Particle systems are used in computer graphics to simulate the appearance of physical phenomena that can be modeled as a collection of particles. For example, some typical particle systems include: waterfalls, fire, smoke, explosions, snow, and meteors.

This example demonstrates how to write a very simple particle system only. For example, particles are only created at setup time. See the other particle system models for elaborations on the basic particle system idea.

## HOW IT WORKS

At each iteration of the GO routine, tiny forces steer the particle through its trajectory. Particles have a velocity in the x and y axes, a step and a force accumulator. This model uses a procedure to compute the forces (COMPUTE-FORCES) and another one to apply the forces (APPLY-FORCES). Combined, these procedures continuously move the particles over time.

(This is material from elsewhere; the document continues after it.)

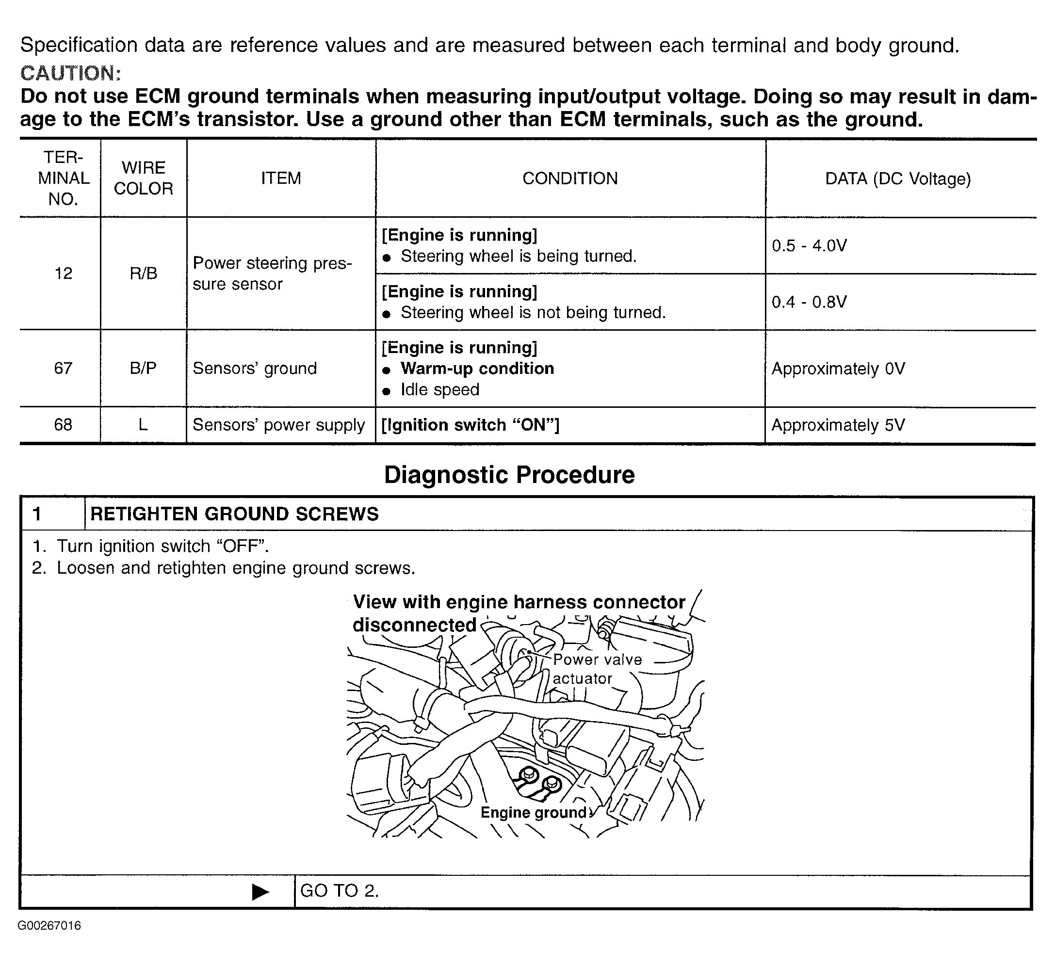 Home >> Nissan-Datsun >> 2003 >> Sentra SE-R, Automatic >> Repair and Diagnosis >> Engine Performance >> System >> Engine Controls - System & Component Testing >> Engine Sensors & Switches >> Power Steering Pressure Switch System Test >> Pathfinder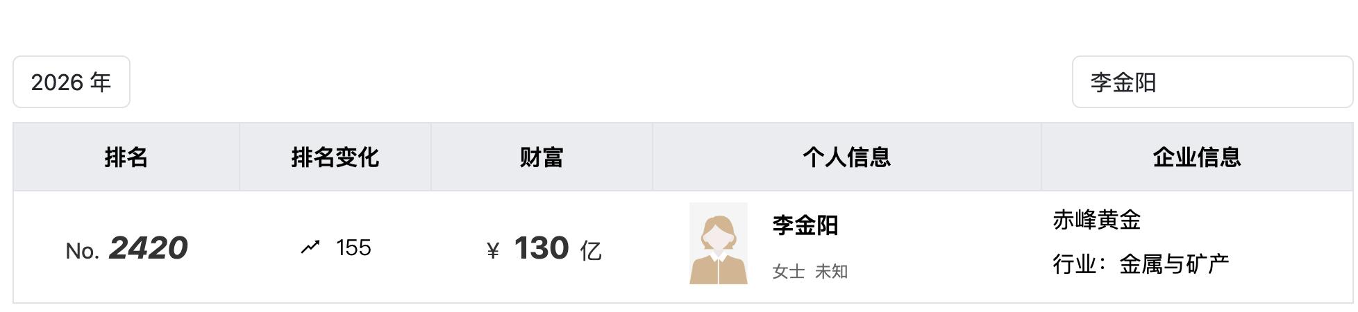 根据股权结构,赤峰黄金实际控制人李金阳共持有公司10.02%的股份;烟台瀚丰中兴管理咨询中心(有限合伙)持有赤峰黄金2.71%股份。以最新收盘价格计算,其持股市值约为98.8亿元。根据胡润研究院披露的2026年全球富豪榜,李金阳以130亿财富位列全球第2420位,排名同比上升155位。

Below are the steps for moving each particle:

1.- Initialization
First, the force accumulators are cleared of the previously calculated forces.

2.- Force Calculation
Force calculation is trivial for this particular particle system since the sole force of the model, gravity, is represented by a constant negative number. However, force calculation in general can be harder when more complicated forces, such as springs, are involved.

3.- Force Summation
After all of the individual forces are computed, the APPLY-FORCES routine sums all of them and calculates the resulting velocity of the particle.

4.- Displacement
Finally, a new position is calculated by multiplying the velocity by STEP-SIZE and adding the displacement to the current particle location. STEP-SIZE represents the small amount of time during which the forces are applied.

Notice that in this model the particles die when they reach the world boundaries.

## HOW TO USE IT

To observe only one particle at a time:

1.- Change the PARTICLES-NUMBER and STEP-SIZE.
2.- Press SETUP
3.- Press GO (Observe how the turtles move through the world.)
5.- You can optionally change the GRAVITY-CONSTANT and observe how the behavior changes.

Note that you can change the GRAVITY-CONSTANT and the STEP-SIZE while the particle is moving. For example, if the user wants the particles to fly higher he can decrease the gravity, but if he wishes the particles to stay lower he can increase the gravity pull.

## THINGS TO NOTICE

The more particles you create, the slower the model runs.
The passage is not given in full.